My personal experience with drones is quite limited. I certainly can’t fly one very well myself, and I’ve witnessed my boyfriend lose probably about a dozen of them to the wind, rooftops and trees. Although we haven’t had the best luck, industry is finding all kinds of uses for them, and is obviously much better at operating them than I am.
One of the most recent examples of this that I came across is from the Southwest Research Institute (SwRI), where a research team has developed a methane leak detection system as part of a U.S. Department of Energy (DOE) National Energy Technology Laboratory (NETL) project that aims to automate gas leak detection at oil and gas facilities.
A recent article on Phys.org, titled “Team using drones with machine learning to automate methane leak detection,” explains that the Smart Leak Detection System/Methane (SLED/M) detects leaks from above in real time. This project expands on the team’s previous development of a land-based SLED system that uses cameras and artificial intelligence (AI) to detect liquid hydrocarbon leaks.

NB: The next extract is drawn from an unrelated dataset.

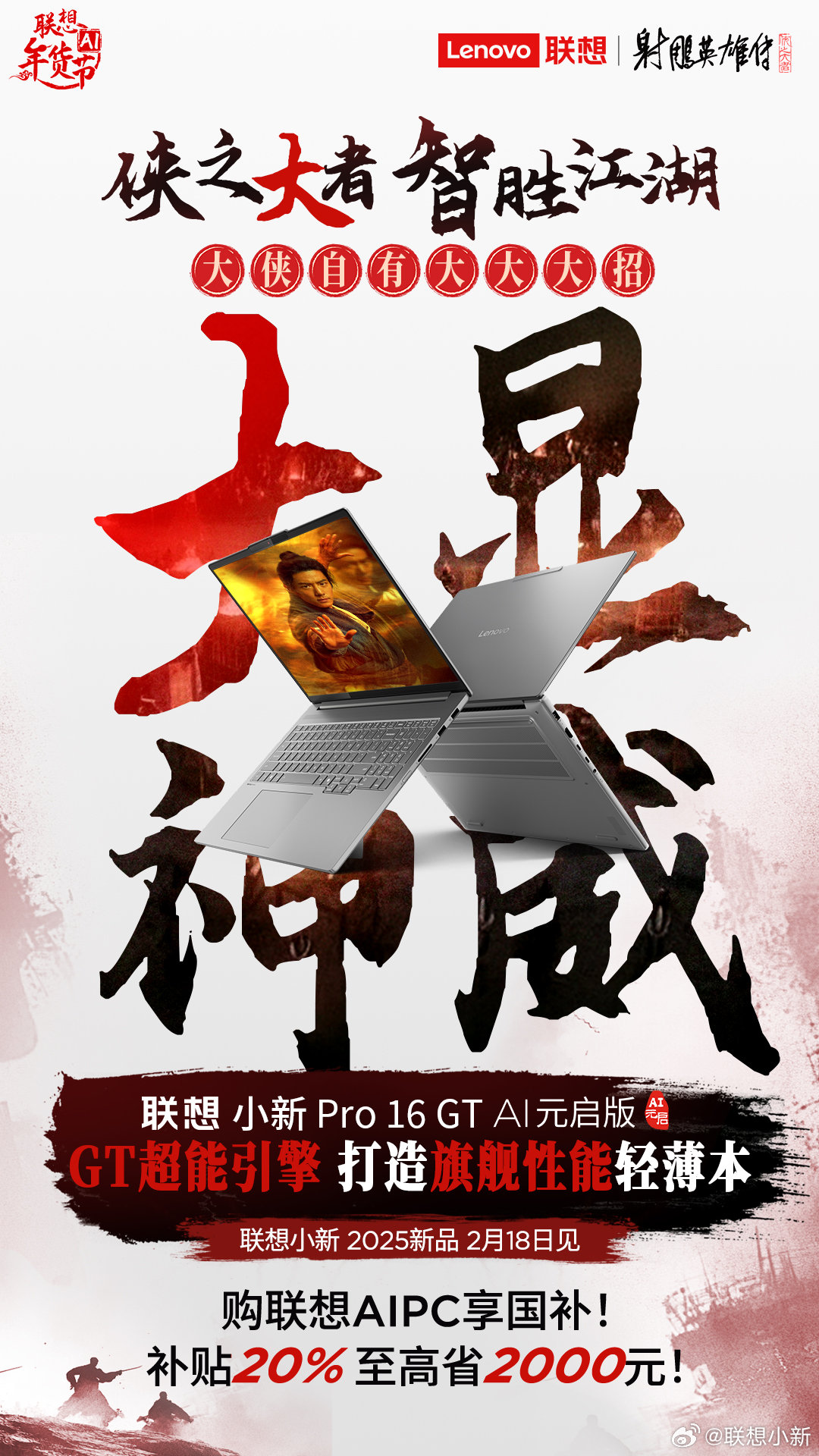 据IT之家此前报道,联想小新 Pro 系列新品官宣将于 2 月 18 日正式亮相,预计将包括本月初在 CES 2025 上展示的小新 Pro 14/16 GT AI 元启版 2025 旗舰性能轻薄本。

Now, with the latest funding from the DOE NETL, the team is taking its previous development a step further by incorporating data collection and midwave infrared cameras on drones and developing machine learning algorithms to accurately detect leaks from above, Phys.org reports.
“After successfully developing SLED/M for stationary applications, such as fenceline monitoring of midstream facilities, we are advancing the technology to perform autonomously from drones,” said Maria Araujo, a manager in SwRI’s Critical Systems Department, in the article.
The new SLED/M can detect small methane leaks and reduce false positives using optimized algorithms that can detect leaks in many different environmental conditions, the article explains.